Quote Originally Posted by marta View Post

I so totally get that feeling of being completely spent and hearing the 'outside world' give advice on exercise and how to treat your disease. It use to drive me nuts at the beginning, but now I just let them say their thing, knowing full well that it's completely well intentioned, and smile and then ignore them. They're just trying to do whatever they think they can to help. I always say that it's easier being the Weggie than the loving bystander. At least we know we're doing something even if we're on the couch surviving.

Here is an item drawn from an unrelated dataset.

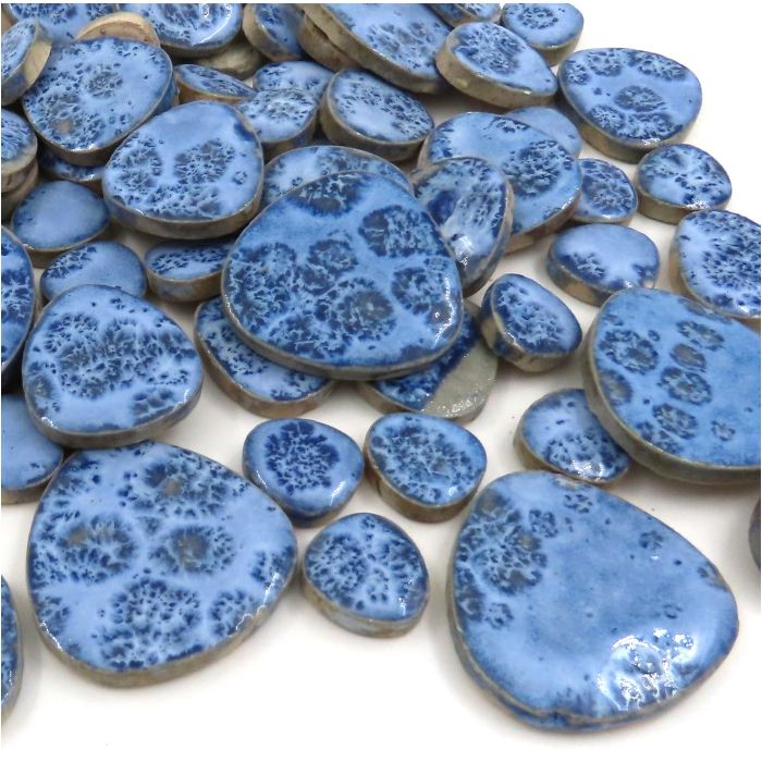 Loose pebble-shaped tiles in varying sizes; high-fired from premium clay with a frost- and scratch-resistant glaze, optimizing them for use indoors and outside for all seasons. 500g=+/-50pieces.
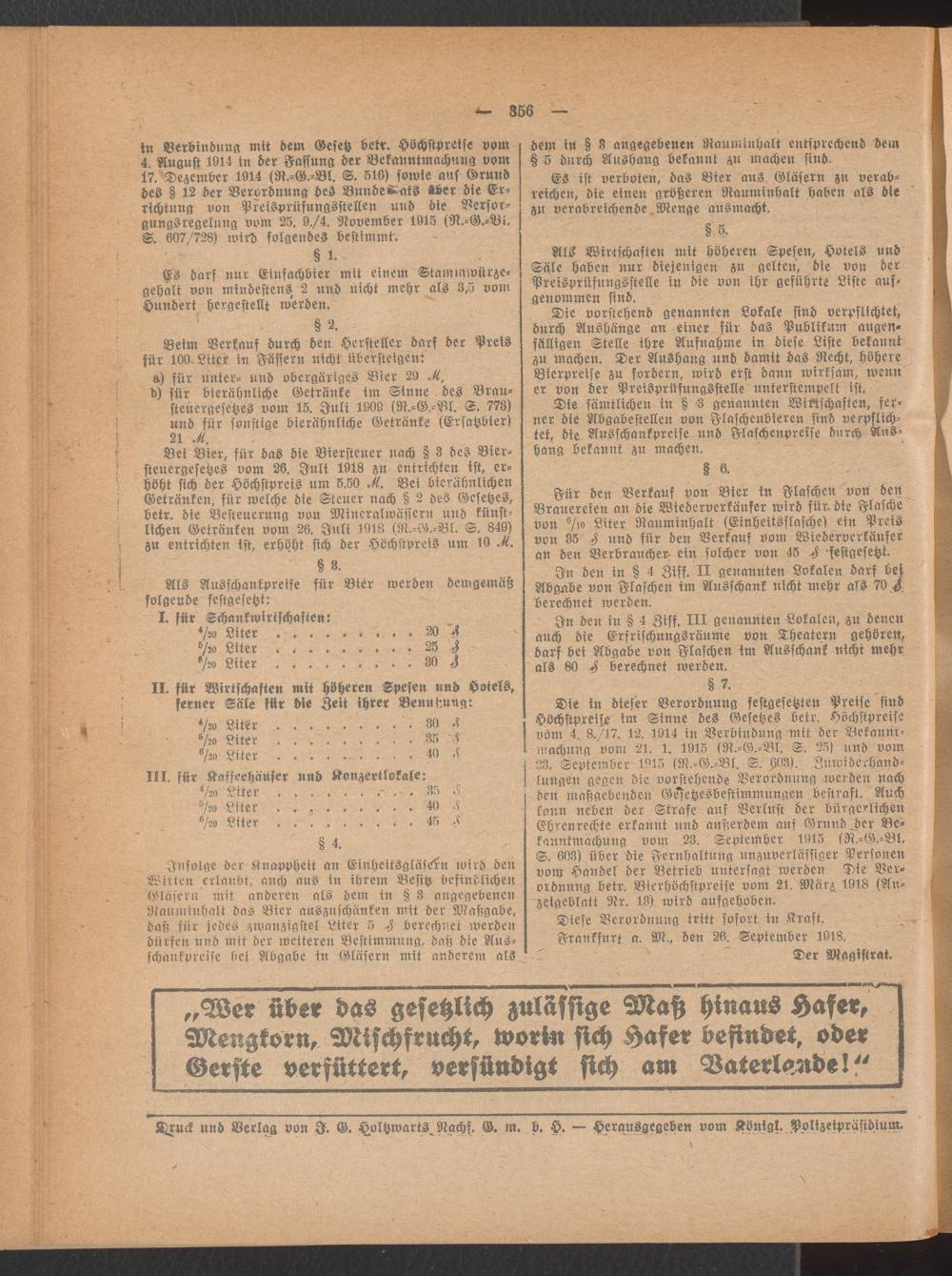 Amtsblatt für den Stadtkreis Frankfurt a.M.. 1828-1918

I also get that feeling of looking in the mirror while on pred, not recognizing yourself, hating what you see, and then hating yourself for that reaction. I think we're so hard on ourselves. "Don't be so vain Marta", and then your family catches you being disgusted at that moment you catch a mirror glimpse, and you hear "Don't be so vain Marta. Nobody cares." Then you go downtown and see people you've known for decades who can't recognize you from two feet away until you open your mouth and they hear your voice. It sucks. It so totally sucks. I feel like crying just thinking about how much it sucks, but you can't react to it because instantly there is a label of 'pride and vanity' attached to this reaction. Then you hear people say.... "Yeah, well I'm fat naturally, so don't complain." What I want to say is (and I will here because this is a safe space for Weggies) "Yeah, but you didn't go from your normal look, that you've had for decades, to THIS in 3 weeks. You got to get used to how you look over a long period of time. It's not a shock that a stranger is looking back at you every time you go by a mirror." But you can't say that because then it becomes twisted into a vanity thing again. I'm not a vain person. At least I don't think I am. I don't own make-up. I don't spend a bunch of time in front of the mirror. I don't spend a bunch of money on wrinkle cream. I probably should. But I don't. So it really really gets my goat when people tell me not to be so vain when I'm hating my pred equivalent of bad plastic surgery. There. I have vented. Sorry. But anyone who hasn't been on pred and have had their entire body, face, look drastically altered because of it, can't be giving advice on this one. That's why I wanted to post those pics though. Because when you're in the thick of it (ha ha - pun not intended) it's hard to see the other side, and it feels like you're stuck here for ever.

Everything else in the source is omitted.